Amazon SageMaker platform allows you to create, train, and deploy machine learning models using a user-friendly interface and built-in algorithms. SageMaker supports popular TensorFlow and PyTorch frameworks, and offers tools for data preparation and model evaluation.
In addition, AWS provides Deep Learning AMIs — virtual machine images specially prepared for deep learning, simplifying the setup of an environment for training models.
Amazon Recognition offers capabilities for analyzing images and videos, including recognizing objects, faces, and text. For natural language processing, AWS provides Amazon Comprehend, which helps extract meaning from texts and analyze sentiment.
We have already mentioned AWS Lambda above. It simplifies integration with AI and ML, allowing you to respond to events and run models faster.
Google Cloud is actively developing its AI and ML offerings. Google AI Platform provides a set of tools for creating, training, and deploying AI models. The platform supports integration with TensorFlow and other frameworks.
BigQuery ML allows you to create machine learning models using SQL queries. This simplifies working with data and makes model creation accessible to everyone.

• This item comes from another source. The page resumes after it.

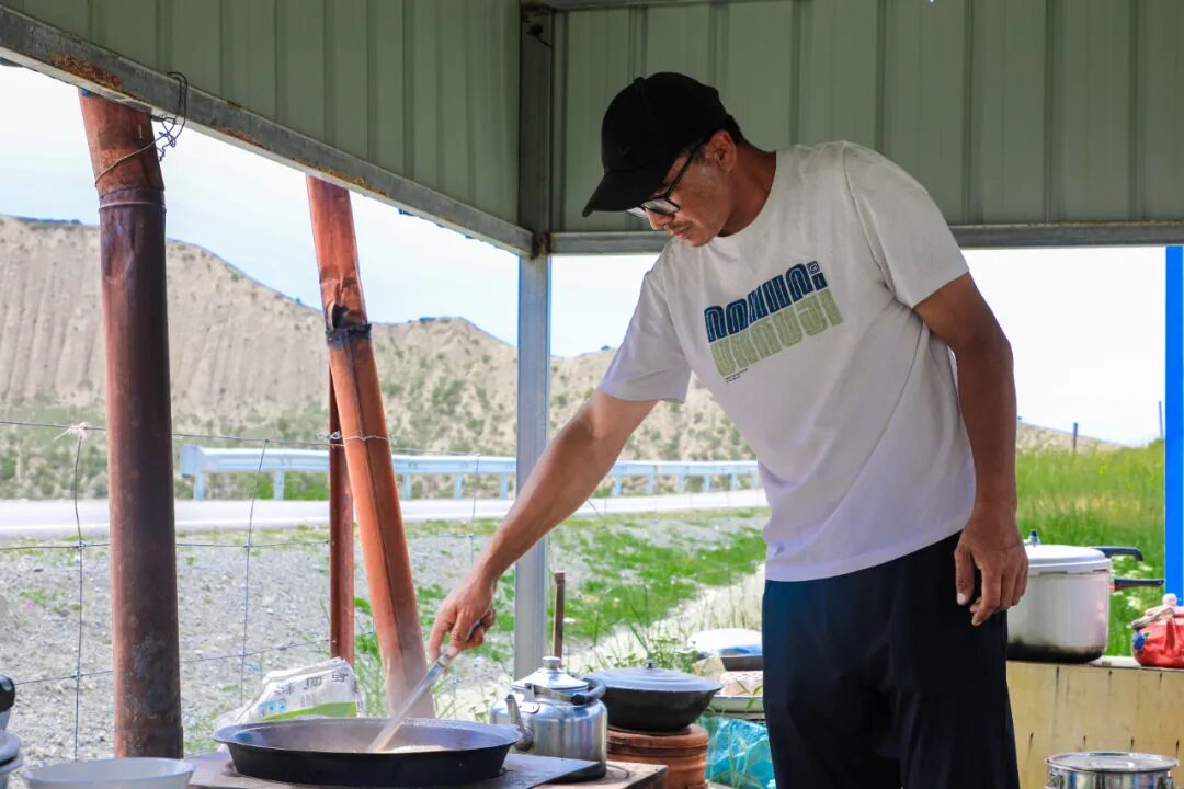 进入夏季以来,茫丁乡小海子悦来融舍牧家饭店便热闹不已,负责人叶斯包里·别日克江忙着接待前来旅游就餐的游客,每日收入不菲,他也乐得合不拢嘴。他说:“这条路修好了以后,游客也多了起来。现在旅游旺季,每天大概能接待50余人。而且我还养了骆驼,通过销售骆驼奶还能收入1000元左右。总体算下来,年收益较之前增加了10余万元。”

AutoML from Google Cloud offers automated solutions for creating and tuning AI models. This platform allows you to create models for processing images, text, and tabular data, even if you do not have deep knowledge of machine learning.

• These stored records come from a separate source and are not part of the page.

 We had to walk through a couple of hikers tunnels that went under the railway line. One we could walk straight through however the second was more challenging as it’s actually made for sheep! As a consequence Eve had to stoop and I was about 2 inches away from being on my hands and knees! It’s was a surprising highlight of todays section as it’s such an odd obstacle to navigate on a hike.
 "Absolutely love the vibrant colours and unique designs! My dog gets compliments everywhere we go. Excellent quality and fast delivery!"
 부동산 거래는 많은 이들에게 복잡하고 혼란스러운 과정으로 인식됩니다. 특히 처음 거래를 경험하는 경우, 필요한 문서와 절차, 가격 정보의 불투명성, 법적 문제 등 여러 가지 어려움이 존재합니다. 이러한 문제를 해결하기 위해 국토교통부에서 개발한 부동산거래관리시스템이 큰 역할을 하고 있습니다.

For language and image analysis, similar to AWS, Google Cloud has Google Cloud Natural Language and Google Cloud Vision.
Azure Cognitive Services is a set of APIs that let you add AI features to your applications. These services include image, video, speech, and text analysis. For example, the Computer Vision and Face APIs help you recognize and analyze visual content, while Text Analytics provides features for processing text.
Azure Databricks is a platform for processing big data and building AI models based on Apache Spark. It integrates with other Azure services and makes it easier to work with data. Azure Cognitive Search also adds AI features to search, while Azure Bot Services provides capabilities for creating chatbots and virtual agents.
Take a step towards innovation. AWS, Google Cloud and Azure — each of these platforms is ready to provide you with tools to reach your best. Assess the needs of your project, make an reasonable decision and implement new technologies. Your future is not behind the clouds!